Former Njuri Ncheke Council of Meru elders Paul Ithingia (in hat) and other elders during a ceremony at the shrine in Meru. [Phares Mutembei, Standard] 

In the past, Njuri Ncheke Council of Ameru elders never used books or pens and did not accept young professionals in their assembly.

They presided over cases and deliberations but never wrote them down because most had never attended school.

The old wise men relied on their wisdom and sharp memory to 'store' information.

Their role was, and still is, to make and implement community laws, arbitrate land, domestic and other disputes and pass knowledge on customs, in fulfilment of their role as custodians of Meru culture.

Njuri Ncheke council was a preserve of carefully selected elders from the larger Meru community inhabiting the area from Thuci river in Tharaka Nithi to Ntonyiri, the farthest end in Meru County.

But modernity forced them to change tact and they started recruiting young professionals as elders.

A new face of Njuri emerged, with the old and youth now meeting at their headquarters prayers shrine at Nchiru in Meru County, which also doubles as Parliament.

The induction of youthful professionals from Meru and Tharaka Nithi into the council was started by former Secretary-General Phares Ruteere and former chairman Paul Ethingia, both deceased.  

Njuri Ncheke Secretary-General (Programmes) Washington Muthamia and former Chuka University Vice-Chancellor Prof Erastus Njoka both agree it was a good move to accept young blood into the exalted council.

“Ruteere was the first Njuri leader to come up with the idea of getting professionals from Meru community to join the Njuri council.

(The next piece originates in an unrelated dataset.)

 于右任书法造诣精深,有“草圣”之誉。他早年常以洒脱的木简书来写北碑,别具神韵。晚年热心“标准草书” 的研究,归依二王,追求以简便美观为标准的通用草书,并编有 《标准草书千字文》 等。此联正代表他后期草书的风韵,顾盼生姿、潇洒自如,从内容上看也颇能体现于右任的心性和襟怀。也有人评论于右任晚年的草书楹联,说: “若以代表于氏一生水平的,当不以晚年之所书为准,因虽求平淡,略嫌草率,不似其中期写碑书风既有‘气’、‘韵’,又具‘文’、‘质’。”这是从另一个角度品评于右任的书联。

That was a good move because professionals play a big role in the development of the community,” said Muthamia.

Prof Njoka who is the patron of Njuri Ncheke elders in Tharaka Nithi and who is running for governor in August 9 poll, said in their wisdom elders had to adapt to changing times and for the posterity of the council.

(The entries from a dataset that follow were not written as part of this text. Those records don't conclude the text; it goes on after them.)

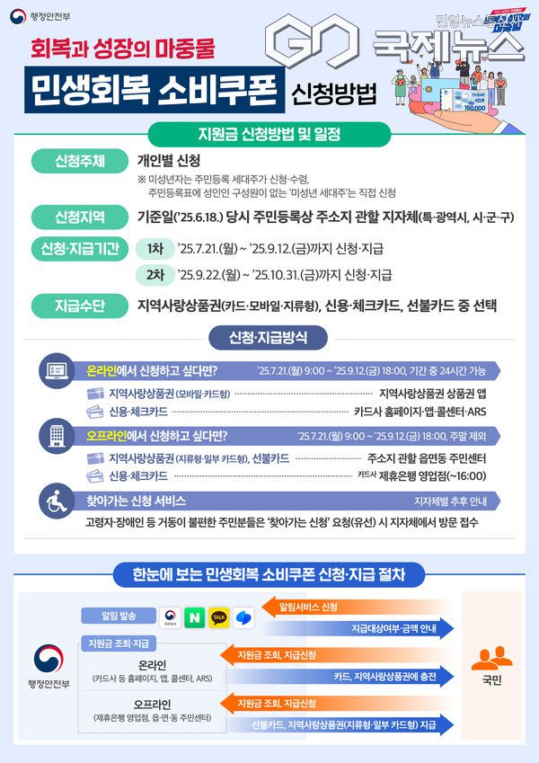 (천안=국제뉴스) 이원철 기자 = 천안시는 오는 21일 부터 정부의 경기 진작 최우선 정책인 민생회복 소비쿠폰 신청·지급을 민생경제 회복을 위해 모든 시민에게 '민생회복 소비쿠폰'을 신청·지급한다고 밝혔다.
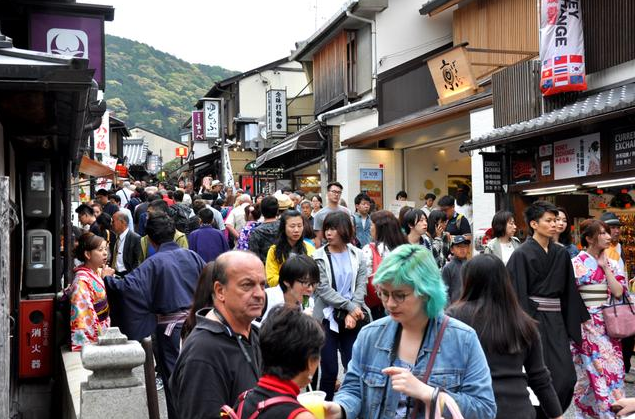 急劇增加的外國游客正蜂擁至日本首屈一指的觀光城市--京都,這對(duì)當(dāng)?shù)鼐用竦娜粘I钤斐闪艘庀氩坏降挠绊懀?/p>
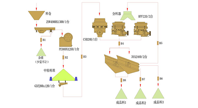 該公司為實力雄厚(hou)的(de)大(da)型石料有限(xian)公司 從我司購入PE900*1200顎破(po)、HPC220圓(yuan)錐(zhui)破(po)兩套、CSB240B圓(yuan)錐(zhui)破(po)、ZSW490*130給料機、GZD*120給料機兩臺(tai)、3YA2160振動篩兩臺(tai)
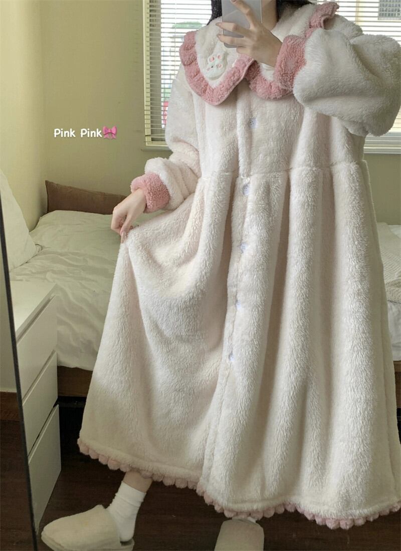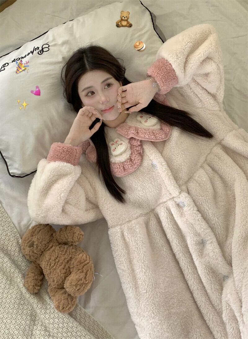 冬にはコーラルベルベットのナイトガウン、さらにベルベットと厚みのある外で着られるロングパジャマ、甘くてかわいいプリンセススタイルのホームウェア 大人ガーリー スウィート キュート カジュアル ウィンター 冬物 8571632995345595
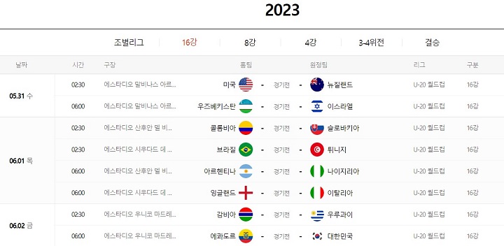 | 5월 31일 (수) | 02:30 | 미국 | 뉴질랜드 |
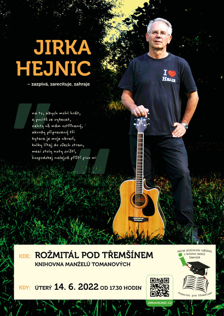 V úterý 14. června vás zveme na příjemný podvečer s písničkami Jiřího Hejnice, který vystoupí v rožmitálské knihovně se svou kytarou a nápaditými aranžemi písniček. Představí skladby nejen ze svého CD, ale i mnohé další, které budou doplněny vizuálními prvky. Některé texty vám také zarecituje a tak je komorní prostředí naší knihovny pro toto vystoupení přesně to pravé. Přijďte si zpříjemnit den. Program začíná v 17.30
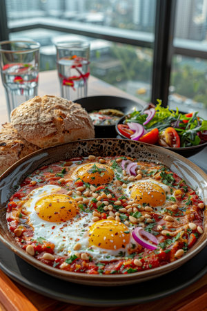 Enjoy a delicious Rustic Shakshuka with Grilled Bread in a modern and cozy setting
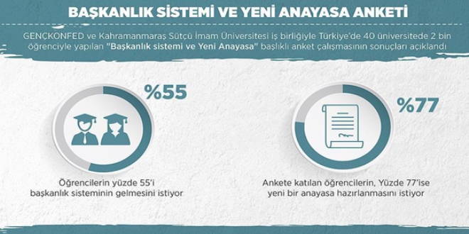 "Ankete 40 üniversiteden 2 bin öğrenci katıldı. Üniversite öğrencilerinin yüzde 55'i mevcut parlamenter sistem yerine başkanlık sisteminin gelmesini destekliyor. Öğrencilerin yüzde 77'si de mevcut anayasanın değişmesini ve yeni bir anayasa hazırlanması gerektiğini düşünüyor."

“Ruteere knew the need for adapting to modernisation and he led initiatives to get young and educated people into Njuri Ncheke. He was a visionary leader,” Njoka said.

The current chairman of Meru Professionals Association Prof Peter Muriungi who is also Principal of Tharaka University College, said: “That was a great move by Ruteere to allow professionals. What he and Ethingia wanted was a continuity of the Njuri. As professionals we have been working with Njuri Ncheke elders as a team, to improve livelihoods,” he said.